You have said that you feel alive when you are taking a photo, put us in your shoes… paint us a picture. I am getting the photographer to play with words.
There is always this sensation when things start getting heavy, so maybe you are in a crowd or a protest is turning more lively than it should. You don’t want anyone to get hurt but you do grasp that if a situation is going to unfold then you would like to be there. When it happens you wonder why you chose to be there as you are in a dangerous situation and you do feel the sweat building and you do feel your finger on that camera.

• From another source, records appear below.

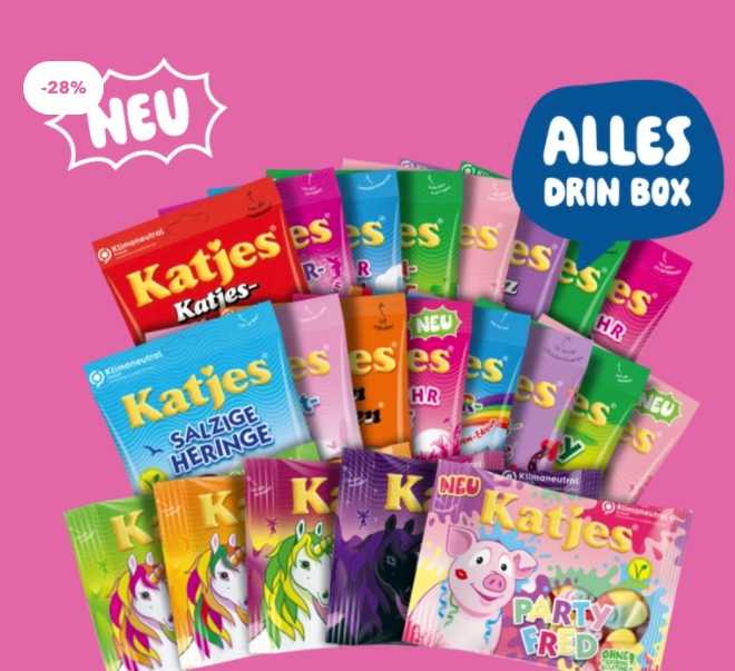 Oh wie lecker – im Katjes Online Shop bekommt ihr gerade eine fette Alles Drin Box für nur 14,99€. Der Versand ist kostenlos.
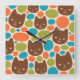 Colourful Polka Dot Cats Pattern in Brown Orange Cyan Blue & Olive Green.
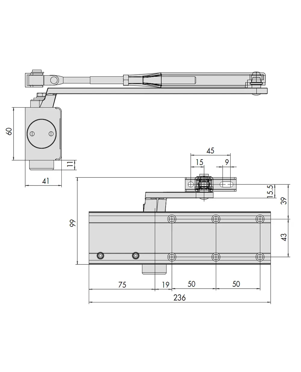 Σέ αλουμίνιο 4.5 χιλιοστά σέ σίδερο 4 χιλιοστά.Βιδώνουμε μηχανισμό στήν πόρτα καί βραχίονα στήν κάσα.
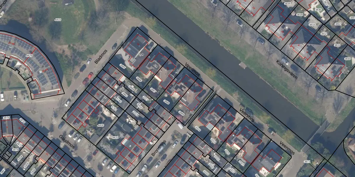 Het perceel waarop Veenmos 13 staat heeft een oppervlakte van 250 m². Dit is een middelgroot perceel. De perceeloppervlakte wordt geregistreerd door het Kadaster. Gedetailleerde informatie over de maten van dit perceel kunt u vinden in het rapport Kadastrale kaart met maatvoering van Veenmos 13.
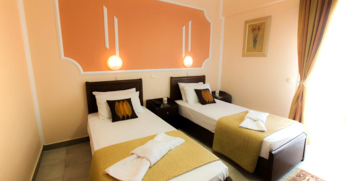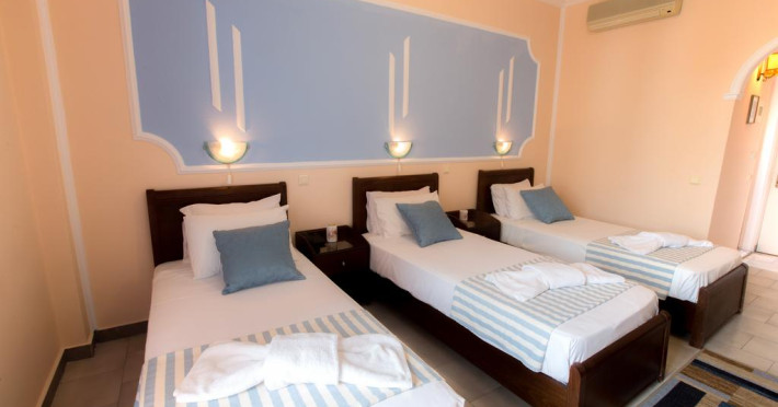 Fiecare cameră dispune de minibar. Camerele de la Sirena Beach sunt dotate cu aer condiționat, Tv cu canale prin satelit și seif. Unele camere au balcon cu vedere la mare, unde oaspeții pot admira apusul sau răsăritul soarelui. În camere există baie cu cadă sau duș. Fiecare unitate de cazare are frigider.
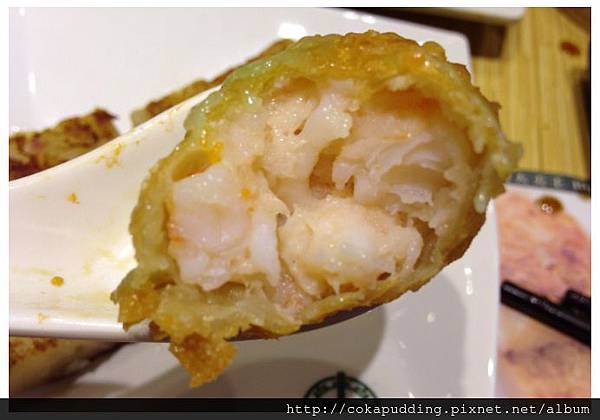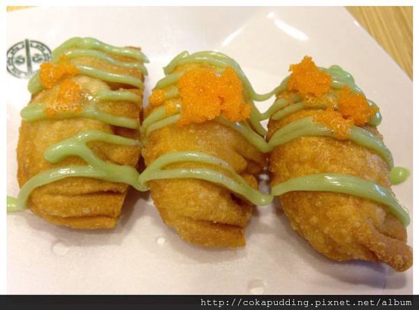 我沒有認真看圖所以送上來一度以為是炸鹹水餃..綠色的美乃滋是芥末味的但不那麼嗆,上頭還有蝦卵

And you are aware that you are in a dangerous situation?
Very much aware. Your senses are so, so spiked. You are just looking for rocks in the air, looking for somebody coming from behind and luckily I have to give it to all the people in the industry. I have been saved by a lot of photographers that showed me to watch out or to stop, sometimes they call out the police to come and get us from a volatile situation. Adrenaline is spiking, your knees are shaking. Sometimes I feel myself getting a couple of frames of my camera out, I don’t know that I am pressing the camera even. Emotional situations are more appealing to me, an action-packed situation is going to happen whether you are there or not but an emotional situation is very much more dangerous because you are dealing with somebodies direct emotions and you are also in a position where you can take advantage of this person’s emotions. If someone is crying in front of you, you need to pick your time when you are going to take a picture. It is so sad, you can read the person’s emotions and you can sense if they don’t want you to be there with your camera then you need to respect that and move away. Funny enough it is always the really happy situations that get me emotional. About two years ago I found myself in Manenburg, taking pictures of the Grade R’s first day of school. I was sitting on a bench and with a long lens watching all the kids come in for their first day. Some of them had parents that held their hands and some of these little girls and boys had suitcases that were bigger than them. I just a moment where this little girl was leaning up and kissing her dad. I felt myself almost like lose control, that wasn’t supposed to happen as we are people who deal with emotion a lot more. But it happens sometimes. That is maybe the outlet, the happy situations where you can get emotional because other situations getting emotions might cost you. Not only for your sake but for their sake as well so you can tell their story and crying in the corner isn’t going to help anybody.

Is there a healthy respect for the media? Will you be kept outside of a situation e.g. a riot and not be pulled in allowing you the freedom to be there as a storyteller?
Usually, there is respect, people see the value in allowing us to be the voice for them, people who can change their situations even in the slightest. Unfortunately, I have personally, as well as my colleagues and friends, have been in situations where we get beaten up, stabbed, held at gunpoint, our cameras keep on getting stolen. Those are the people who don’t see the value in a storyteller, they see our cameras. Majority of people affected by crime or poverty or dooshbag governments, if they can see what the media can do then the media can do their jobs better. That is something that we as the media can infuse, it is social education which comes from parents. We need to get into those parents lives and change their ideas when it comes to educating their kids.

Ang, this interview was set up by you, so you get the last question? I find it very interesting that you still became a photographer even though your dad said that it wouldn’t be possible.
When I was a kid I got a National Geographic subscription, I paged through the magazine and saw the most amazing places. Around that time my parents were asking what I wanted to do with my life and I was baffled. Apparently a doctor was cool, I actually just want to be a fireman… eventually, I made the connect paging through the magazines that I wanted to be in those places, I just wanted to go there. If I was taking the photos I got to go to those places and so the photographer in me was awakening.